Red Hat Inc. sent users a warning today about a fake e-mail that asked users to install a patch for a vulnerability in fileutils (ls and mkidir). The patch was actually a file that could allow a remote attacker to execute arbitrary code with root privileges in some Red Hat Linux distributions.
The attack arrived in the form of phishing scam from the fake e-mail address "firstname.lastname@example.org" and was first spotted late Friday. The heading of the e-mail read "Red Hat: Buffer Overflow in 'ls' and mk'dir'" and contained instructions on how to install a patch that Red Hat said may contain malicious code.
Red Hat said its official security messages are never unsolicited, are only sent from email@example.com and are digitally signed using GNU Privacy Guard keys.

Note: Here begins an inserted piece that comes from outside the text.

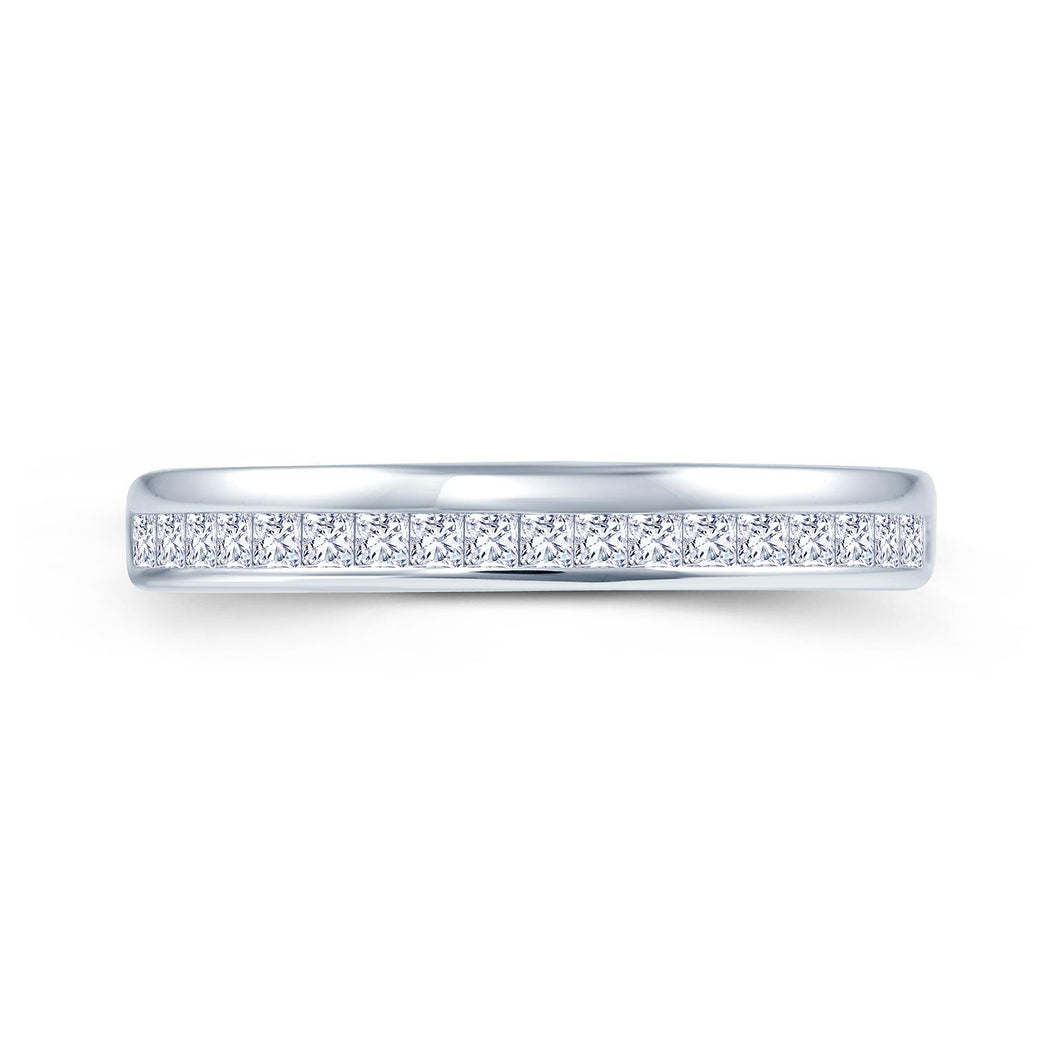This exquisite diamond wedding band presents a offset channel setting, meaning the princess cut diamonds sweep down one side so they are not covered by the diamond/s of the engagement ring, holding 0.45ct of princess cut diamonds in a 3.5mm wide hallmarked 750 white gold band.

Pete Lindstrom, an analyst at Malvern, Penn.-based Spire Security, said no individual vulnerability is a big deal in and of itself.
"Ultimately these things are found at the pace of 10 a day, some are more of a sign than others," he said. "What matters is if someone picks up on it and writes an exploit and allows folks to compromise [the application]."
Lindstrom said that these vulnerabilities are what security analysts and antivirus companies are always looking out for, and that the "bottom line is every piece of software is vulnerable."
"The fact that Microsoft is alone is silly and the idea that open source can be compromised is only recently being popularly recognized," he said. "If enough people focus on a particular problem they are going to come up with a vulnerability.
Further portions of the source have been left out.